Source material
**********

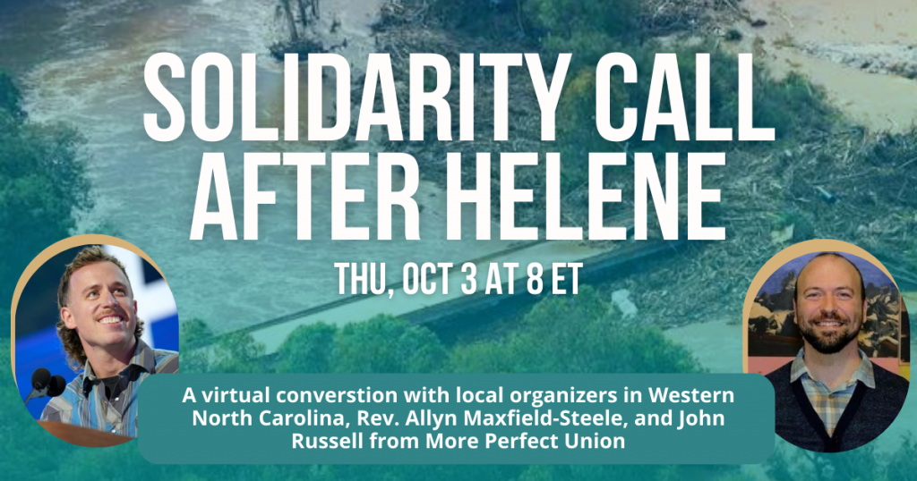 Join us tomorrow at 8 pm ET for a public solidarity call with communities affected by the storm. We will be in conversation with SURJ organizers on the ground in Western North Carolina, as well as Appalachian political commentator John Russell and Rev. Allyn Maxfield-Steele in Asheville.
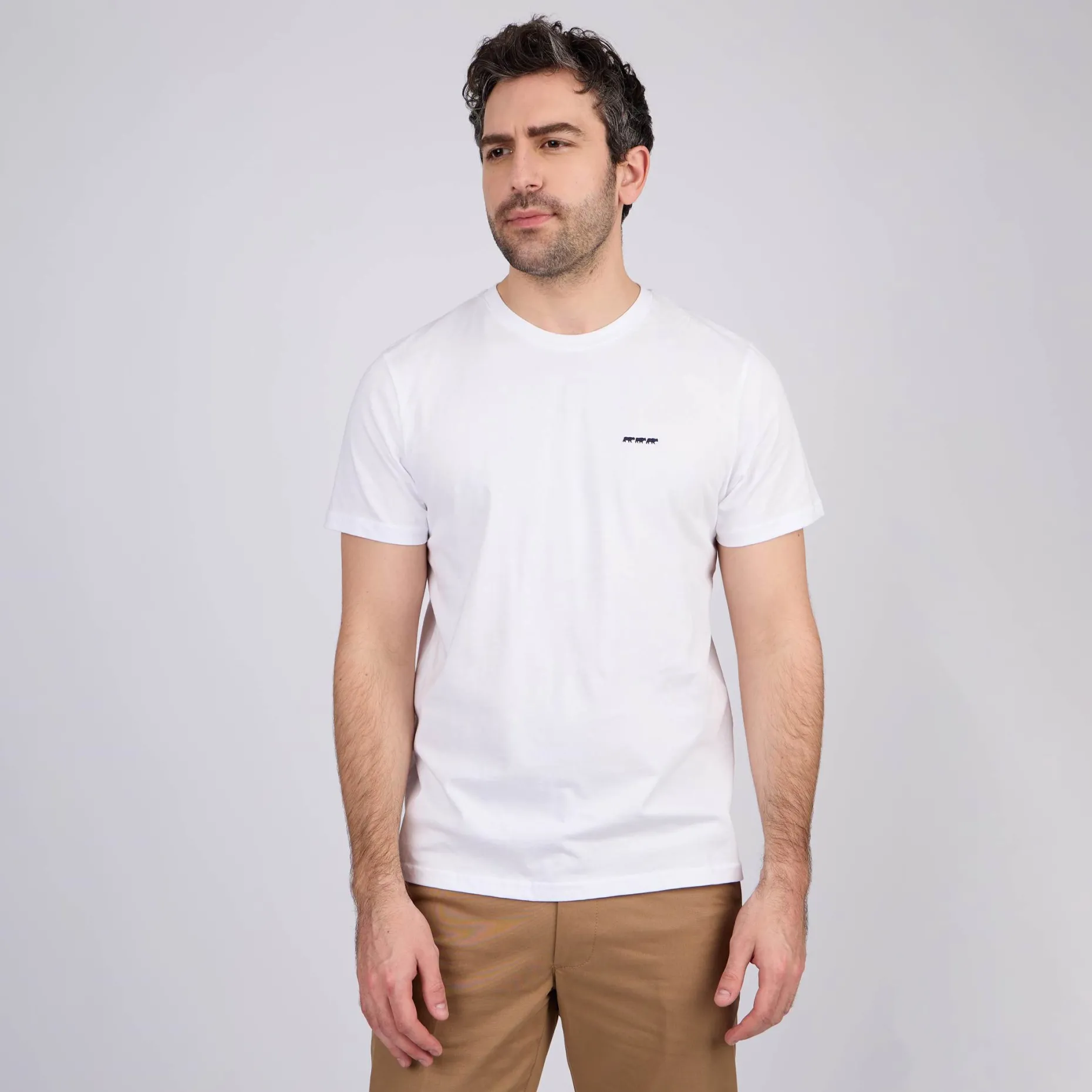 Soyez à l’aise toute la journée avec ce tee-shirt pour homme à manches courtes. Avec son coloris blanc uni, son col rond et sa coupe droite, ce modèle convient à tous les styles et morphologies. Confectionné intégralement en coton, il garantit douceur et respirabilité. Le détail qui change tout ? Sa petite broderie « 3 vaches » contrastée. Cet essentiel facile à vivre se porte seul ou sous un gilet de notre collection pour un style à la fois élégant et décontracté !
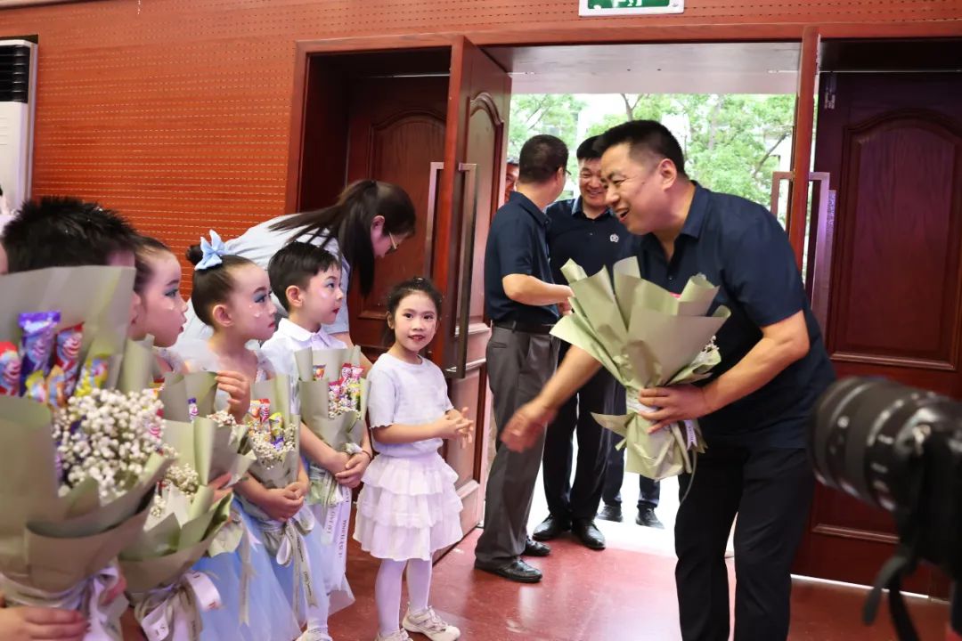 张书记向本次活动倾注心血的小朋友、老师及家长致以诚挚的感谢,他强调,基础教育集团将始终与各方携手,共同把教育落实好,将教育理念转化为扎实行动,持续完善教育细节、全面落实育人目标。孩子们身着整齐的服装,脸上洋溢着自信与期待的笑容,这一刻,他们用自己的方式,为幼儿园生活画上一个完美的句号。毕业典礼在欢快的开场舞中拉开帷幕,孩子们灵动的舞姿、甜美的笑容,将现场观众带入充满童真与欢乐的世界。全体毕业生迈着整齐的步伐走向舞台,接受领导的祝福,领取人生中的第一张毕业证书。小小的证书,承载着幼儿园三年的成长印记,更是开启未来小学生活的通行证。交接仪式上,李校长和常园长为孩子们送上最真挚的祝福,共同携手这场温暖的成长接力。
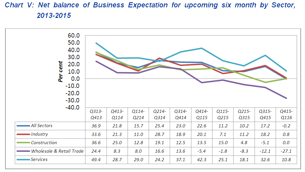 At sectors level, business current situation of wholesale & retail trade, industry and services has deteriorated during the third quarter 2015 with a net balance of -22.9 per cent, -8.9 per cent and -0.2 per cent respectively. In contrast, the construction sector has reported a better net balance of +8.3 per cent (Chart IV).

**********

Copy verbatim the span that opens at the line with "Soyez à l’aise" and closes at the final line of the listing. Do not carry over any pictures.

Solution below
 Soyez à l’aise toute la journée avec ce tee-shirt pour homme à manches courtes. Avec son coloris blanc uni, son col rond et sa coupe droite, ce modèle convient à tous les styles et morphologies. Confectionné intégralement en coton, il garantit douceur et respirabilité. Le détail qui change tout ? Sa petite broderie « 3 vaches » contrastée. Cet essentiel facile à vivre se porte seul ou sous un gilet de notre collection pour un style à la fois élégant et décontracté !
 张书记向本次活动倾注心血的小朋友、老师及家长致以诚挚的感谢,他强调,基础教育集团将始终与各方携手,共同把教育落实好,将教育理念转化为扎实行动,持续完善教育细节、全面落实育人目标。孩子们身着整齐的服装,脸上洋溢着自信与期待的笑容,这一刻,他们用自己的方式,为幼儿园生活画上一个完美的句号。毕业典礼在欢快的开场舞中拉开帷幕,孩子们灵动的舞姿、甜美的笑容,将现场观众带入充满童真与欢乐的世界。全体毕业生迈着整齐的步伐走向舞台,接受领导的祝福,领取人生中的第一张毕业证书。小小的证书,承载着幼儿园三年的成长印记,更是开启未来小学生活的通行证。交接仪式上,李校长和常园长为孩子们送上最真挚的祝福,共同携手这场温暖的成长接力。
 At sectors level, business current situation of wholesale & retail trade, industry and services has deteriorated during the third quarter 2015 with a net balance of -22.9 per cent, -8.9 per cent and -0.2 per cent respectively. In contrast, the construction sector has reported a better net balance of +8.3 per cent (Chart IV).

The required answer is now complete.